Simpler, aber cleverer

Fadenwurm dient als Vorbild für neuronales Netz

Web
14.10.2020 08:30

Der Fadenwurm „C. elegans“ kann mit seinem nur 302 Neuronen zählenden Nervensystem recht komplexe Aufgaben meistern. Nach dem Vorbild des kleinen Wurms haben nun österreichische Forscher künstliche neuronale Netze verbessert. Mit einem einfacheren, kleineren Netz bestehend aus nur 19 Zellen lassen sich Aufgaben wie das Spurhalten eines autonomen Fahrzeugs effizienter und zuverlässiger lösen lassen als bisher.

Lern- und anpassungsfähige Programme, die man als künstliche Intelligenz bezeichnet, können durch Analyse großer Datenmengen und Erfahrung lernen. Das ist etwa bei der Sprachsteuerung am Handy, Suchmaschinen, Übersetzungsprogrammen oder selbstfahrenden Autos bereits Realität. Angetrieben wird die Entwicklung vor allem durch große vorhandene Datenmengen und immer höhere Rechenleistung.

Das Forscherteam der Technischen Universität Wien, des Institute of Science and Technology Austria (IST) in Klosterneuburg und des Massachusetts Institute of Technology hat sich in seiner Arbeit überlegt, wie man die Komplexität künstlicher neuronaler Netze reduzieren kann. Orientiert haben sie sich dabei an der Natur - konkret am Fadenwurm.

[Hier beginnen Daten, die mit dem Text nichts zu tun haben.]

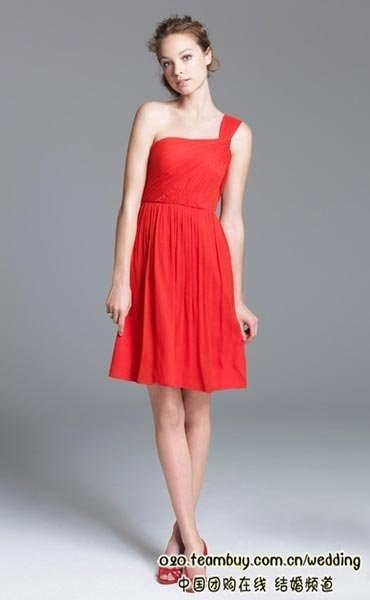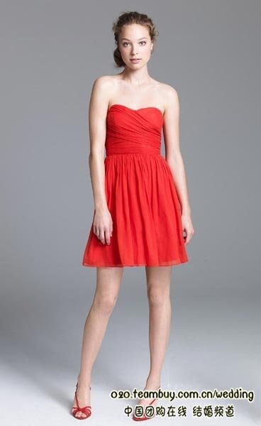 抹胸正红色的小礼服很是抢眼,但也能抢了新娘的风头。建议在新娘穿着中式礼服时,伴娘可以集体配合换上红色伴娘服。
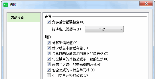 - 错误检查选项可以对标记颜色和规则进行设置。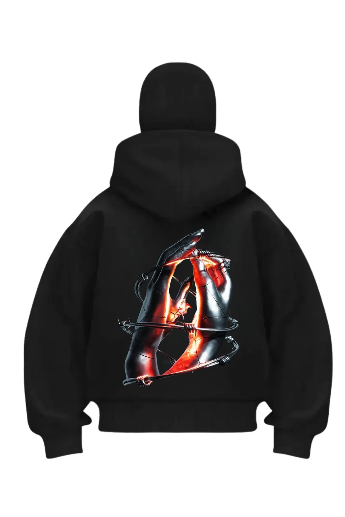 Love Hands Baskılı Siyah Samuray Kar Maske Sweatshirt Hırka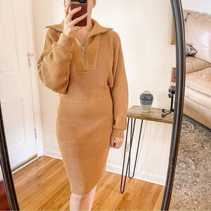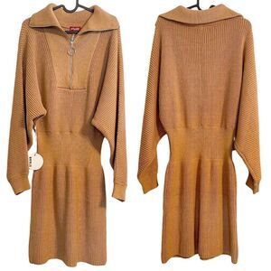 Features: long sleeves dolman sleeves with fitted cuffs, fitted waist, collar, partial front zip with ring pull, above knee length, fully ribbed, heavyweight knit, in camel

Der zeigt mit einer verblüffend kleinen Zahl von Nervenzellen interessante Verhaltensmuster. „Das liegt an der effizienten und harmonischen Art, wie sein Nervensystem Information verarbeitet“, erklärte Radu Grosu, Leiter der Forschungsgruppe „Cyber-Physical Systems“ an der TU Wien, in einer Aussendung.

Mathematische Modelle von Natur inspiriert
„Inspiriert von der Natur haben wir neue mathematische Modelle für Neuronen und Synapsen entwickelt“, so der Informatiker Thomas Henzinger, Präsident des IST Austria. Das Netz des neuen KI-Modells sei viel einfacher, weil nicht jede Zelle mit jeder anderen verbunden wurde. Zudem gehorche die Verarbeitung der Signale innerhalb der einzelnen Zellen anderen mathematischen Regeln als bei bisherigen Deep-Learning-Modellen.

Nach Ansicht des Forscherteams hat das System entscheidende Vorteile gegenüber bisherigen Modellen: Es kommt viel besser mit gestörten Eingaben zurecht und aufgrund seiner Einfachheit kann seine Funktionsweise im Detail erklärt werden.

Getestet haben die Forscher ihr Modell beim Spurhalten eines autonomen Fahrzeugs. Für solche Aufgaben würden heute oft Deep-Learning-Modelle mit Millionen an Parametern verwendet, „unser System kommt mit 75.000 trainierbaren Parametern aus“, so Mathias Lechner, PhD-Student am IST Austria.

Zweiteiliges System
Das neue System besteht aus zwei Teilen: Ein Netzwerk verarbeitet den Kamera-Input und entscheidet, welche Teile des Bildes wichtig sind. Es gibt dann Signale an das Kontrollsystem des neuronalen Netzwerks weiter, welches das Fahrzeug lenkt. Das Kontrollsystem besteht dabei nur aus 19 Zellen, das sei „um drei Größenordnungen kleiner als es mit bisherigen State-of-the-art-Modellen möglich wäre“, so Lechner.

Um zu testen, wie robust das neue System im Vergleich zu bisherigen Deep-Learning-Modellen ist, haben die Forscher die Bilder künstlich verschlechtert. Während andere Netzwerke mit einem solchen Bildrauschen nur schwer zurechtkommen, „ist unser System sehr widerstandsfähig gegenüber Artefakten beim Input. Diese Eigenschaft ist eine direkte Folge des neuartigen Modells und seiner Architektur“, erklärte Lechner.

Das neue Modell hat noch weitere Vorteile: Bei jeder einzelnen Entscheidung des Systems lässt sich die Rolle jeder einzelnen Zelle identifizieren. So lässt sich die Funktion der Zellen verstehen und ihr Verhalten erklären, während größere Deep Learning-Modelle dagegen eine „Black Box“ darstellen. Zudem ermöglicht die Methode, die Dauer des Trainings zu reduzieren, und schafft die Möglichkeit, künstliche Intelligenz in relativ einfachen Systemen zu implementieren, betonen die Forscher.